Cell Design for Dashboard Inbox
- The current scatter-gather model for providing Dashboard functionality has very limited runway. It won’t last much longer.
- The solution is to move to an inbox model implemented using a Cell Based Architecture that is similar to Facebook Messages.
- An inbox is the opposite of scatter-gather. A user’s dashboard, which is made up posts from followed users and actions taken by other users, is logically stored together in time order.
- Solves the scatter gather problem because it’s an inbox. You just ask what is in the inbox so it’s less expensive then going to each user a user follows. This will scale for a very long time.
- Rewriting the Dashboard is difficult. The data has a distributed nature, but it has a transactional quality, it’s not OK for users to get partial updates.
- The amount of data is incredible. Messages must be delivered to hundreds of different users on average which is a very different problem than Facebook faces. Large date + high distribution rate + multiple datacenters.
- Spec’ed at a million writes a second and 50K reads a second. The data set size is 2.7TB of data growth with no replication or compression turned on. The million writes a second is from the 24 byte row key that indicates what content is in the inbox.
- Doing this on an already popular application that has to be kept running.
- Cells
- A cell is a self-contained installation that has all the data for a range of users. All the data necessary to render a user’s Dashboard is in the cell.
- Users are mapped into cells. Many cells exist per data center.
- Each cell has an HBase cluster, service cluster, and Redis caching cluster.
- Users are homed to a cell and all cells consume all posts via firehose updates.
- Each cell is Finagle based and populates HBase via the firehose and service requests over Thrift.
- A user comes into the Dashboard, users home to a particular cell, a service node reads their dashboard via HBase, and passes the data back.
- Background tasks consume from the firehose to populate tables and process requests.
- A Redis caching layer is used for posts inside a cell.
- Request flow: a user publishes a post, the post is written to the firehose, all of the cells consume the posts and write that post content to post database, the cells lookup to see if any of the followers of the post creator are in the cell, if so the follower inboxes are updated with the post ID.
- Advantages of cell design:
- Massive scale requires parallelization and parallelization requires components be isolated from each other so there is no interaction. Cells provide a unit of parallelization that can be adjusted to any size as the user base grows.
- Cells isolate failures. One cell failure does not impact other cells.

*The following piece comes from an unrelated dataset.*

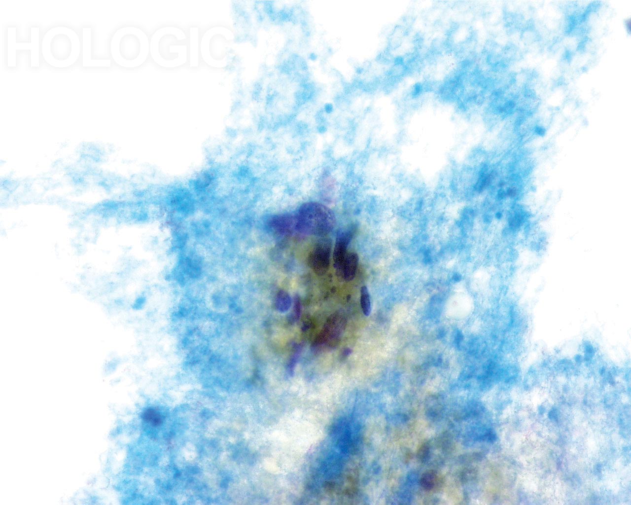 Die wesentlichen „Differentialdiagnosen“ für Tumordiathese auf dem ThinPrep® Pap Test sind Zytolyse, Infektion und Atrophie. Alle diese Bilder zeigen einen schmutzig oder „dreckig“ wirkenden Hintergrund. Beim Screenen wird Ihnen das epitheliale Material helfen, die Ursache des Hintergrunds zu bestimmen. Wie in jeder Situation sollte der Zytologe seine Diagnose nicht auf ein Kriterium alleine stützen. Falls ein „dreckig“ wirkender Hintergrund die einzige Auffälligkeit ist, sollte daraus keine definitive Diagnose abgeleitet werden, selbst wenn es sich um eine echte Tumordiathese handelt. Es sind die morphologischen Malignitätskriterien im Kern der Epithelzelle, die den Schlüssel zur definitiven Diagnose darstellen.

- Cells enable nice things like the ability to test upgrades, implement rolling upgrades, and test different versions of software.
- The key idea that is easy to miss is: all posts are replicated to all cells.
- Each cell stores a single copy of all posts. Each cell can completely satisfy a Dashboard rendering request. Applications don’t ask for all the post IDs and then ask for the posts for those IDs. It can return the dashboard content for the user. Every cell has all the data needed to fulfill a Dashboard request without doing any cross cell communication.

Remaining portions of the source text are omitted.